Gan Xiaohan, Meng Linghao, Cao Shangqi, Bai Hexiang, Li Xiang
West China Hospital, West China Medical School, Sichuan University, Chengdu, China.
Department of Urology, Institute of Urology, West China Hospital, West China Medical School, Sichuan University, Chengdu, China.
PLoS One. 2025 Aug 20;20(8):e0330062. doi: 10.1371/journal.pone.0330062. eCollection 2025.
This study aimed to longitudinally investigate the impact of baseline frailty status and its changes over time on the risk of incident urinary incontinence (UI) in older adults, using data from two large prospective cohorts.

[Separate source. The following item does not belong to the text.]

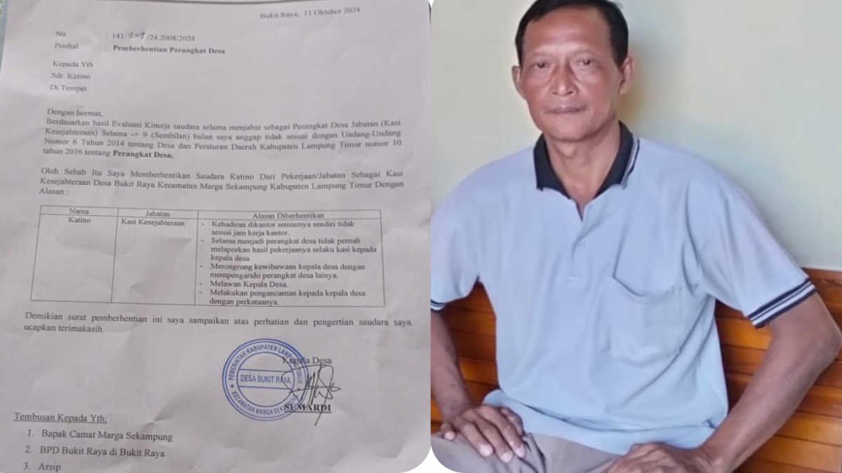 LAMPUNG TIMUR – Lagi, pemberhentian aparatur desa secara sepihak terjadi di wilayah Kecamatan Marga Sekampung, Lampung Timur. Kali ini terjadi di desa Bukit Raya, Kaur Kesra bernama Katino yang diberhentikan tanpa sebab oleh si Kades bernama Sumardi.

This study included community-dwelling older participants from China Health and Retirement Longitudinal Study (CHARLS) and Health and Retirement Study (HRS). Frailty status was assessed using a Frailty Index (FI) categorized as robust, pre-frail, and frail. Changes in frailty status were evaluated at baseline and at a second survey two years later. The primary outcome was incident UI, determined by participant self-report. Cox proportional hazard regression models were used to calculate Hazard Ratios (HRs) and 95% Confidence Intervals (CIs), adjusting for multiple covariates.

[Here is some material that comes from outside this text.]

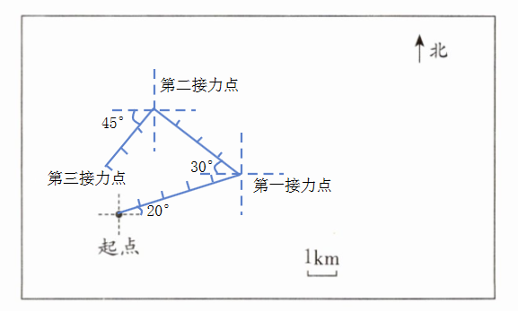 下面是某地老年运动会骑自行车环湖接力赛中的一段赛程:1号选手从起点沿东偏北 $20^{\circ}$ 方向行 $5\mathrm{km}$ 到达第一接力点;2号选手从第一接力点沿西偏北 $30^{\circ}$ 方向行 $4\mathrm{km}$ 到达第二接力点;3号选手从第二接力点沿西偏南 $45^{\circ}$ 方向行 $3\mathrm{km}$ 到达第三接力点。

In the baseline frailty status analysis, a total of 12,398 participants from CHARLS and 13,817 from HRS were included. Compared to robust participants, frail participants had a significantly increased risk of incident UI (CHARLS: HR 4.51, 95% CI 3.77-5.38; HRS: HR 2.25, 95% CI 2.07-2.46), and pre-frail participants also had a significantly increased risk (CHARLS: HR 2.14, 95% CI 1.79-2.55; HRS: HR 1.50, 95% CI 1.38-1.62). In the analysis of changes in frailty status, participants who progressed from robust to pre-frail/frail had a significantly increased risk of incident UI compared to those who remained robust (CHARLS: HR 2.81, 95% CI 1.94-4.08; HRS: HR 1.44, 95% CI 1.24-1.68). Conversely, participants who recovered from frail to robust/pre-frail had a significantly decreased risk of incident UI compared to those who remained frail(CHARLS: HR 0.51, 95% CI 0.41-0.62; HRS: HR 0.79, 95% CI 0.69-0.90). Subgroup analyses revealed similar results.
Frailty and worsening frailty status are significantly associated with an increased risk of Urinary Incontinence in older adults, while recovery of frailty status is associated with a decreased risk.
本研究旨在利用两个大型前瞻性队列的数据,纵向调查基线虚弱状态及其随时间的变化对老年人发生尿失禁(UI)风险的影响。
本研究纳入了来自中国健康与养老追踪调查(CHARLS)和健康与退休研究(HRS)的社区居住老年人。使用虚弱指数(FI)评估虚弱状态,分为强壮、脆弱前期和虚弱。在基线和两年后的第二次调查中评估虚弱状态的变化。主要结局是发生尿失禁,由参与者自我报告确定。使用Cox比例风险回归模型计算风险比(HRs)和95%置信区间(CIs),并对多个协变量进行调整。
在基线虚弱状态分析中,CHARLS共有12398名参与者,HRS有13817名参与者。与强壮的参与者相比,虚弱的参与者发生尿失禁的风险显著增加(CHARLS:HR 4.51,95%CI 3.77-5.38;HRS:HR 2.25,95%CI 2.07-2.46),脆弱前期的参与者风险也显著增加(CHARLS:HR 2.14,95%CI 1.79-2.55;HRS:HR 1.50,95%CI 1.38-1.62)。在虚弱状态变化分析中,从强壮进展为脆弱前期/虚弱的参与者与保持强壮的参与者相比,发生尿失禁的风险显著增加(CHARLS:HR 2.81,95%CI 1.94-4.08;HRS:HR 1.44,95%CI 1.24-1.68)。相反,从虚弱恢复为强壮/脆弱前期的参与者与仍处于虚弱状态的参与者相比,发生尿失禁的风险显著降低(CHARLS:HR 0.51,95%CI 0.41-0.62;HRS:HR 0.79,95%CI 0.69-0.90)。亚组分析显示了类似的结果。
虚弱和虚弱状态恶化与老年人尿失禁风险增加显著相关,而虚弱状态的恢复与风险降低相关。